• Exercise instructions:
Leave every picture out and write out the records below exactly.

##########

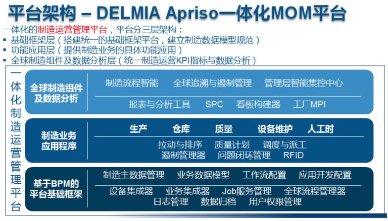 新一代MOM制造运营管理平台 — 带您体验智能制造能力新功能达索系统DELMIA Apriso 2018是一个全球制造平台,可将计划系统与制造运营同步。Apriso与企业资源规划(ERP)系统同步,以提高可见性和控制。 阅读更多
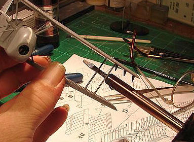 the wings. I drill small "dimples" where the rigging attaches and use individual
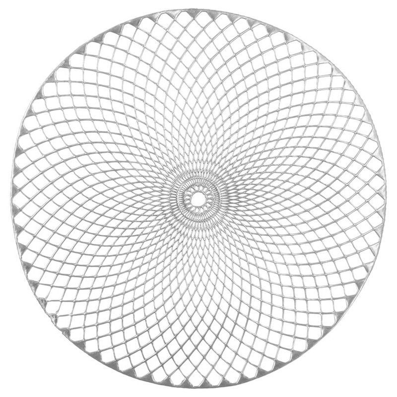 Mantel individual redondo de 38 cm en acabado plateado, con diseño geométrico de rejilla radial que aporta elegancia a cualquier mesa. Ideal para decoraciones festivas y estacionales, su acabado metálico brilla con luz natural o artificial. Perfecto para eventos especiales, comidas familiares o como toque decorativo en tu hogar.
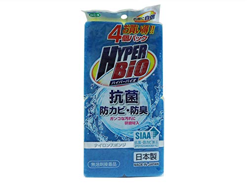 オーエ キッチンスポンジ 約縦12.2×横6.3×高さ3.8cm ハイパーバイオ ハード スポンジ 研磨剤入り 不織布 抗菌 防
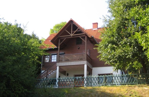 The vacation home situated on the top of the Fonyód Hill next to a forest and a nature park. That is why the house has a beautiful view to the surroundings. You can also enjoy the superb landscape during your breakfast on the covered balcony. In the holiday home you can find on 3 floors: 4 bedrooms, 3 bathrooms, huge living room with a teakitchen, dining room and a full equipped kitchen. In the huge garden you can not only sunbathung and do barbecues, but playinf football or badminton. The next beach (1500 m) is in Bélatelep, which is a very beloved lakeshore. If you are lookinf for real relaxation, peace and quiet, than you are right here!

##########

• Response for this exercise:
 新一代MOM制造运营管理平台 — 带您体验智能制造能力新功能达索系统DELMIA Apriso 2018是一个全球制造平台,可将计划系统与制造运营同步。Apriso与企业资源规划(ERP)系统同步,以提高可见性和控制。 阅读更多
 the wings. I drill small "dimples" where the rigging attaches and use individual
 Mantel individual redondo de 38 cm en acabado plateado, con diseño geométrico de rejilla radial que aporta elegancia a cualquier mesa. Ideal para decoraciones festivas y estacionales, su acabado metálico brilla con luz natural o artificial. Perfecto para eventos especiales, comidas familiares o como toque decorativo en tu hogar.
 オーエ キッチンスポンジ 約縦12.2×横6.3×高さ3.8cm ハイパーバイオ ハード スポンジ 研磨剤入り 不織布 抗菌 防
 The vacation home situated on the top of the Fonyód Hill next to a forest and a nature park. That is why the house has a beautiful view to the surroundings. You can also enjoy the superb landscape during your breakfast on the covered balcony. In the holiday home you can find on 3 floors: 4 bedrooms, 3 bathrooms, huge living room with a teakitchen, dining room and a full equipped kitchen. In the huge garden you can not only sunbathung and do barbecues, but playinf football or badminton. The next beach (1500 m) is in Bélatelep, which is a very beloved lakeshore. If you are lookinf for real relaxation, peace and quiet, than you are right here!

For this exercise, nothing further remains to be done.